Pictures in the listing below are skipped, while the lines from the "总结:养猪换年货活动玩法很有趣,大家给猪喂饲料可以获取很多奖励。" line through the "In the past" line are returned word for word.
Exercise input START
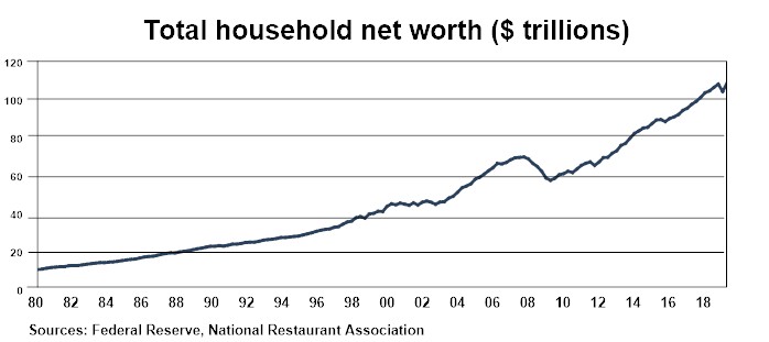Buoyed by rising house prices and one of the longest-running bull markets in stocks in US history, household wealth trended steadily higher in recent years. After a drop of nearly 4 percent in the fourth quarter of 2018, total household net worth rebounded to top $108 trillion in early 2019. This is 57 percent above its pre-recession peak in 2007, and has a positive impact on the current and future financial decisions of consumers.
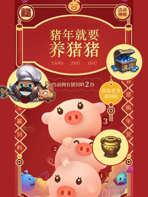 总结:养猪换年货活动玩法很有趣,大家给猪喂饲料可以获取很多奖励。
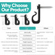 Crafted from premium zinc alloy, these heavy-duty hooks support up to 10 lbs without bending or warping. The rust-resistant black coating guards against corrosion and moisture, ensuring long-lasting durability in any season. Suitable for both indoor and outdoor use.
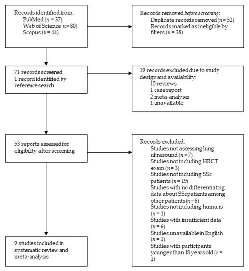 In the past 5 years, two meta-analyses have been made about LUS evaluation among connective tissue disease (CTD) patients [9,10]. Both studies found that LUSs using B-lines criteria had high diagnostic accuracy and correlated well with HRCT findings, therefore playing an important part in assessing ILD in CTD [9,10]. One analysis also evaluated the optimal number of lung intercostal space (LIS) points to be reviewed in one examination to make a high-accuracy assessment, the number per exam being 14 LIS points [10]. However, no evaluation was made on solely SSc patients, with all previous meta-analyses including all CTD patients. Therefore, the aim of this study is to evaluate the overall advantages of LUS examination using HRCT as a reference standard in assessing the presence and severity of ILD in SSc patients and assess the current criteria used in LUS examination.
Exercise input END
Exercise input START
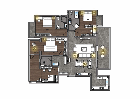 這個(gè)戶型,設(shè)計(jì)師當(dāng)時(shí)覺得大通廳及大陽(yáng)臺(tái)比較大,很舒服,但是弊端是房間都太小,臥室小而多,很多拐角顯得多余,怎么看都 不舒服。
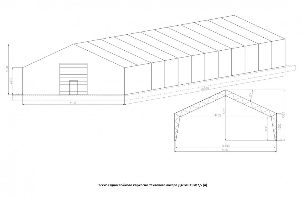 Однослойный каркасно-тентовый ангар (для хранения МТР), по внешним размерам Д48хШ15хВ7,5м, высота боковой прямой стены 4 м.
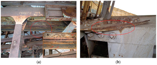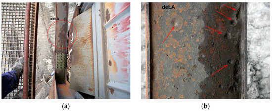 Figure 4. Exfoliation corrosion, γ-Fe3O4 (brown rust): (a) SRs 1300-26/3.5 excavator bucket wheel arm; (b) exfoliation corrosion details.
Exercise input END
Exercise input START
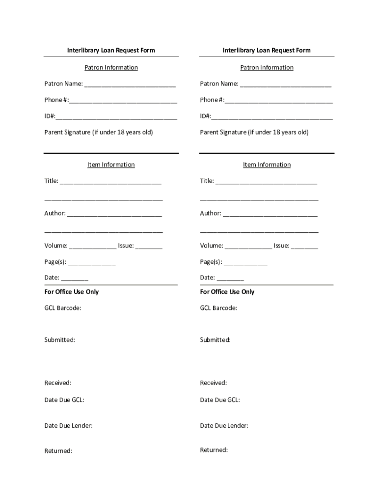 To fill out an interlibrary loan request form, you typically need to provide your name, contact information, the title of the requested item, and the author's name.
Exercise input END
__Answer for this exercise__
 总结:养猪换年货活动玩法很有趣,大家给猪喂饲料可以获取很多奖励。
 Crafted from premium zinc alloy, these heavy-duty hooks support up to 10 lbs without bending or warping. The rust-resistant black coating guards against corrosion and moisture, ensuring long-lasting durability in any season. Suitable for both indoor and outdoor use.
 In the past 5 years, two meta-analyses have been made about LUS evaluation among connective tissue disease (CTD) patients [9,10]. Both studies found that LUSs using B-lines criteria had high diagnostic accuracy and correlated well with HRCT findings, therefore playing an important part in assessing ILD in CTD [9,10]. One analysis also evaluated the optimal number of lung intercostal space (LIS) points to be reviewed in one examination to make a high-accuracy assessment, the number per exam being 14 LIS points [10]. However, no evaluation was made on solely SSc patients, with all previous meta-analyses including all CTD patients. Therefore, the aim of this study is to evaluate the overall advantages of LUS examination using HRCT as a reference standard in assessing the presence and severity of ILD in SSc patients and assess the current criteria used in LUS examination.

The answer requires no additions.